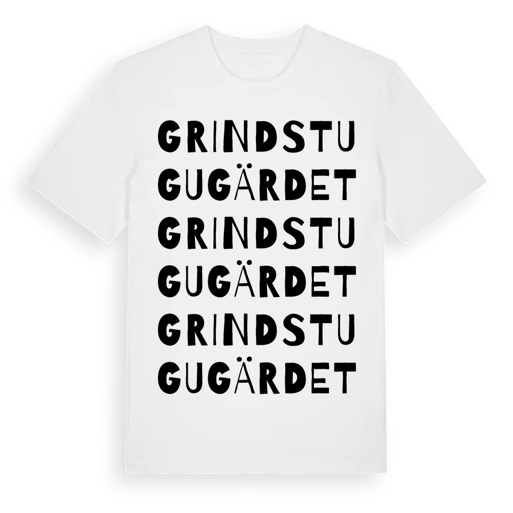 Grindstugugärdet ordlek t-shirt är inspirerad av Grindstugugärdet i Östergötlands län, Sverige. Tröjan är designad för dig som har en speciell koppling till platsen – oavsett om du bor här, har rötterna här eller bara älskar Grindstugugärdet.
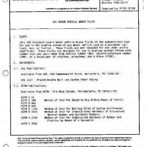 This SAE Standard covers motor vehicle brake fluids of the nonpetroleum type for use in the braking system of any motor vehicle such as a passenger car, truck, bus, or trailer. These fluids are not intended for use under arctic conditions. These fluids are designed for use in braking systems fitted with rubber cups and seals made from natural rubber (NR), styrene-butadiene rubber (SBR), or a terpolymer of ethylene, propylene, and a diene (EPDM).
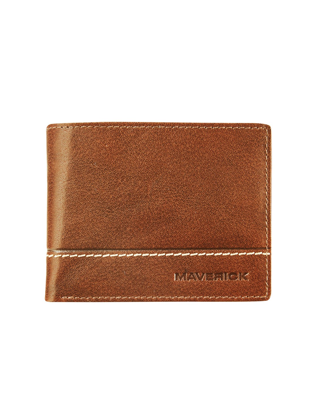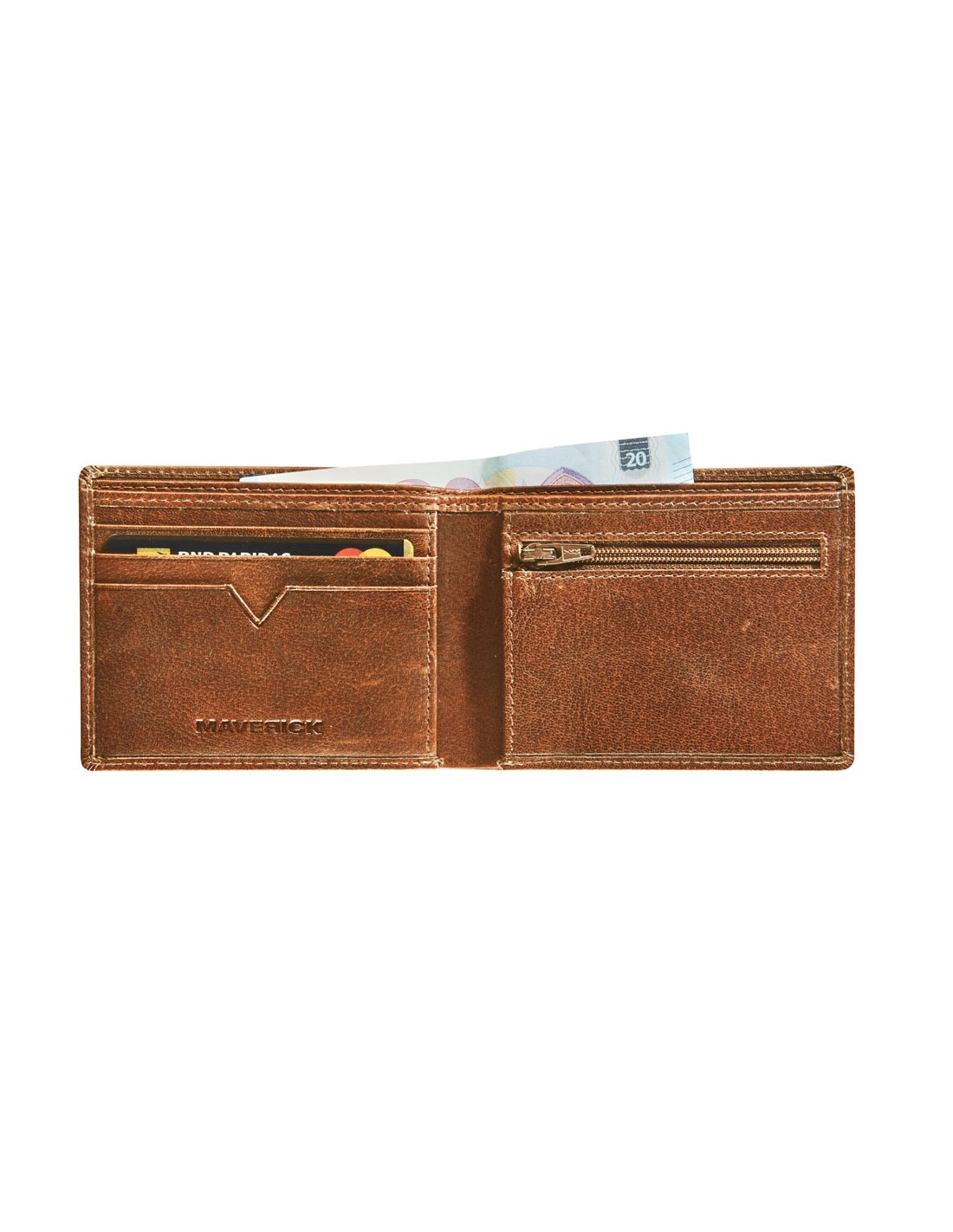 MAVERICK ROUGH GEAR porte-dollar compact cuir RFID avec fermeture éclair- cognac
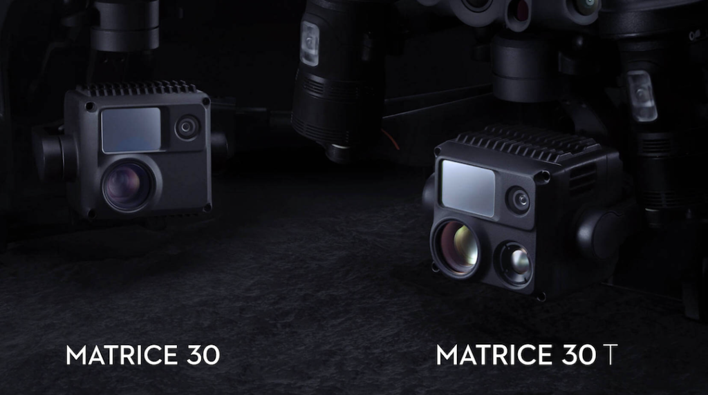 M30シリーズには、ワイドカメラ・ズームカメラ・レーザー距離計を搭載した「Matrice 30」と、さらにそこに赤外線カメラが一体型となった「Matrice 30T」の2種類のモデルがあり、Matirce 300 RTK で使用できる H20シリーズと同様の構成です。
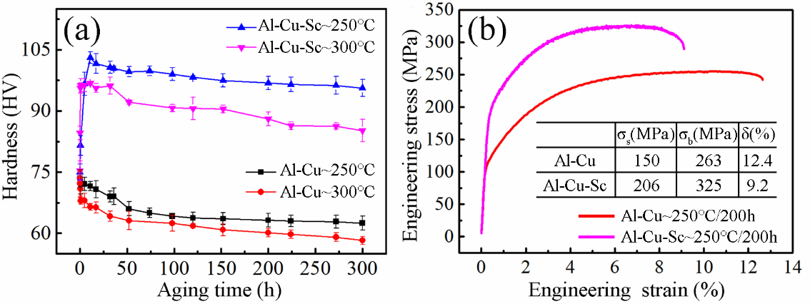 1a展示了Al-Cu-(Sc)合金在250℃300℃时效的硬化曲线。此时,Al-Cu合金已经失去时效强化效果,其过时效硬度甚至低于淬火态。然而,Al-Cu-Sc合金在250°C300°C的硬度平台仍分别维持在96HV85HV左右。因此,Sc微量添加明显提高了Al-Cu合金的高温抗软化能力。通过对比两种合金在250°C/200h时效后的工程应力-应变曲线1b可知,含Sc合金的屈服强度、抗拉强度均高于Al-Cu合金,即再次验证了Sc添加增强Al-Cu合金的高温热稳定性。
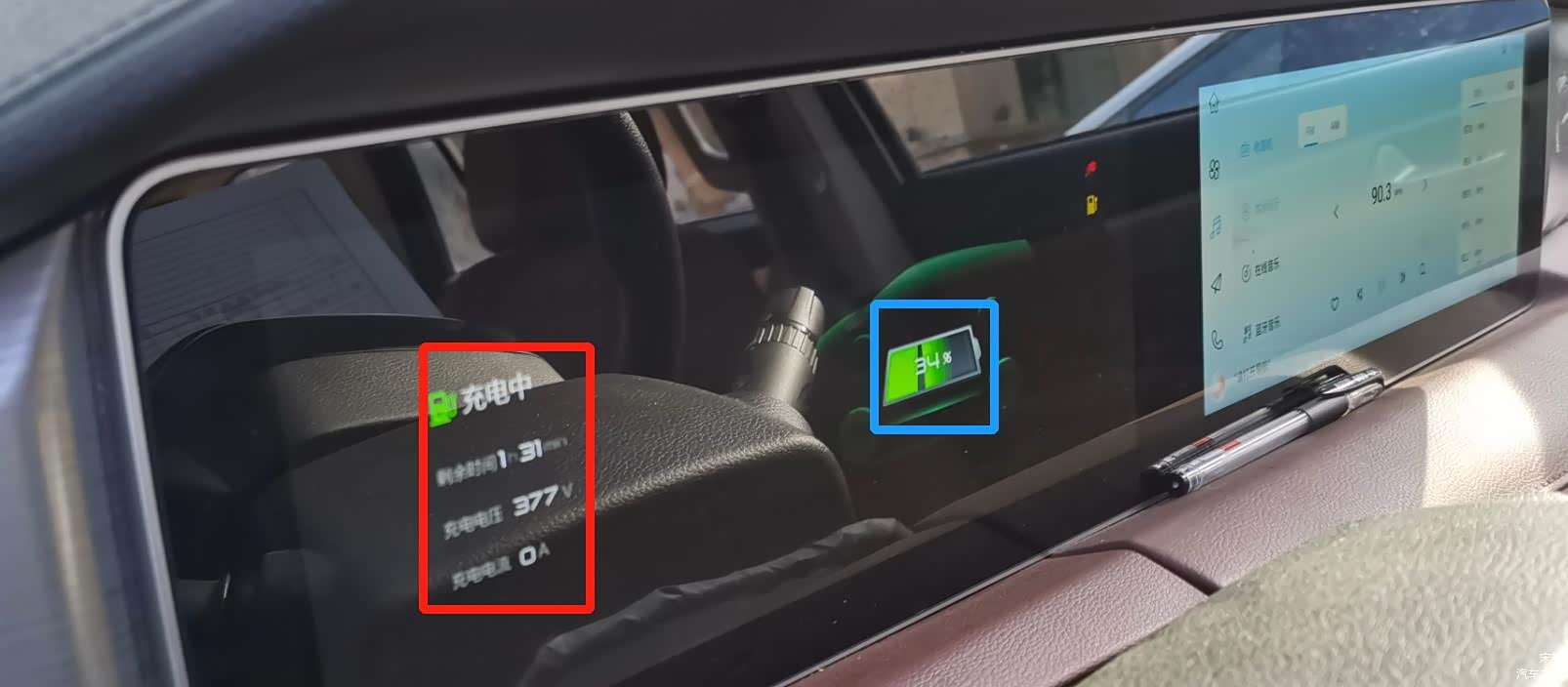 从车内横置的显示屏可见,车端充电电压为377伏等关键数据。比对车身铭牌显示的动力电池381.6伏额定电压相差无几。
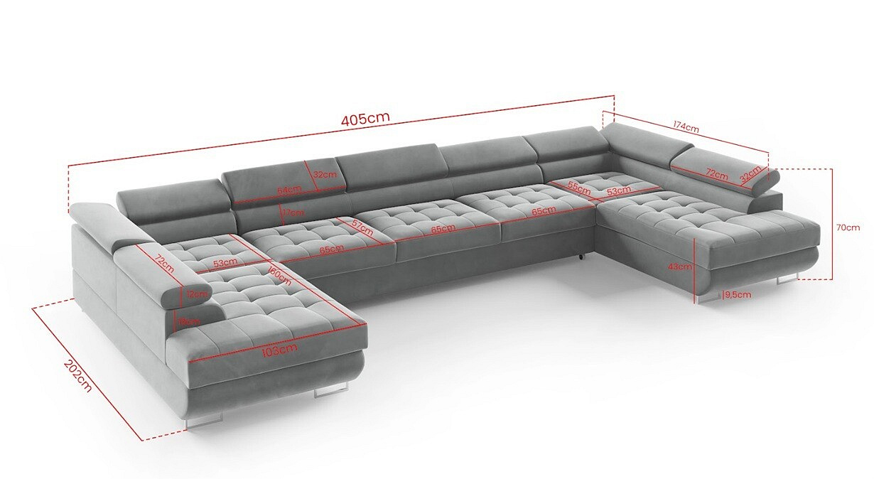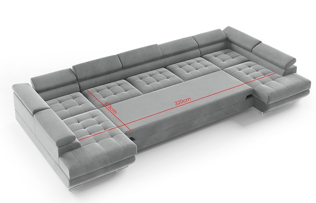 Ez az ülőgarnitúra nem csak a megjelenésről szól. Fel van szerelve egy kihúzható funkcióval, amely könnyedén átalakítja a kanapét egy tágas ággyá, amelynek fekvőfelülete 320 x 123 cm. Ez ideális vendégek számára vagy azoknak, akik kényelmes pihenésre vágynak. Ráadásul, a két tárolóhellyel elegendő hely áll rendelkezésre takarók, párnák vagy más szükséges dolgok tárolására, ami segít tisztán és rendezett módon tartani a lakóteret.

—————

Work to complete: Each entry above should be reproduced exactly, with the pictures removed.

Response to this task:
 Grindstugugärdet ordlek t-shirt är inspirerad av Grindstugugärdet i Östergötlands län, Sverige. Tröjan är designad för dig som har en speciell koppling till platsen – oavsett om du bor här, har rötterna här eller bara älskar Grindstugugärdet.
 This SAE Standard covers motor vehicle brake fluids of the nonpetroleum type for use in the braking system of any motor vehicle such as a passenger car, truck, bus, or trailer. These fluids are not intended for use under arctic conditions. These fluids are designed for use in braking systems fitted with rubber cups and seals made from natural rubber (NR), styrene-butadiene rubber (SBR), or a terpolymer of ethylene, propylene, and a diene (EPDM).
 MAVERICK ROUGH GEAR porte-dollar compact cuir RFID avec fermeture éclair- cognac
 M30シリーズには、ワイドカメラ・ズームカメラ・レーザー距離計を搭載した「Matrice 30」と、さらにそこに赤外線カメラが一体型となった「Matrice 30T」の2種類のモデルがあり、Matirce 300 RTK で使用できる H20シリーズと同様の構成です。
 1a展示了Al-Cu-(Sc)合金在250℃300℃时效的硬化曲线。此时,Al-Cu合金已经失去时效强化效果,其过时效硬度甚至低于淬火态。然而,Al-Cu-Sc合金在250°C300°C的硬度平台仍分别维持在96HV85HV左右。因此,Sc微量添加明显提高了Al-Cu合金的高温抗软化能力。通过对比两种合金在250°C/200h时效后的工程应力-应变曲线1b可知,含Sc合金的屈服强度、抗拉强度均高于Al-Cu合金,即再次验证了Sc添加增强Al-Cu合金的高温热稳定性。
 从车内横置的显示屏可见,车端充电电压为377伏等关键数据。比对车身铭牌显示的动力电池381.6伏额定电压相差无几。
 Ez az ülőgarnitúra nem csak a megjelenésről szól. Fel van szerelve egy kihúzható funkcióval, amely könnyedén átalakítja a kanapét egy tágas ággyá, amelynek fekvőfelülete 320 x 123 cm. Ez ideális vendégek számára vagy azoknak, akik kényelmes pihenésre vágynak. Ráadásul, a két tárolóhellyel elegendő hely áll rendelkezésre takarók, párnák vagy más szükséges dolgok tárolására, ami segít tisztán és rendezett módon tartani a lakóteret.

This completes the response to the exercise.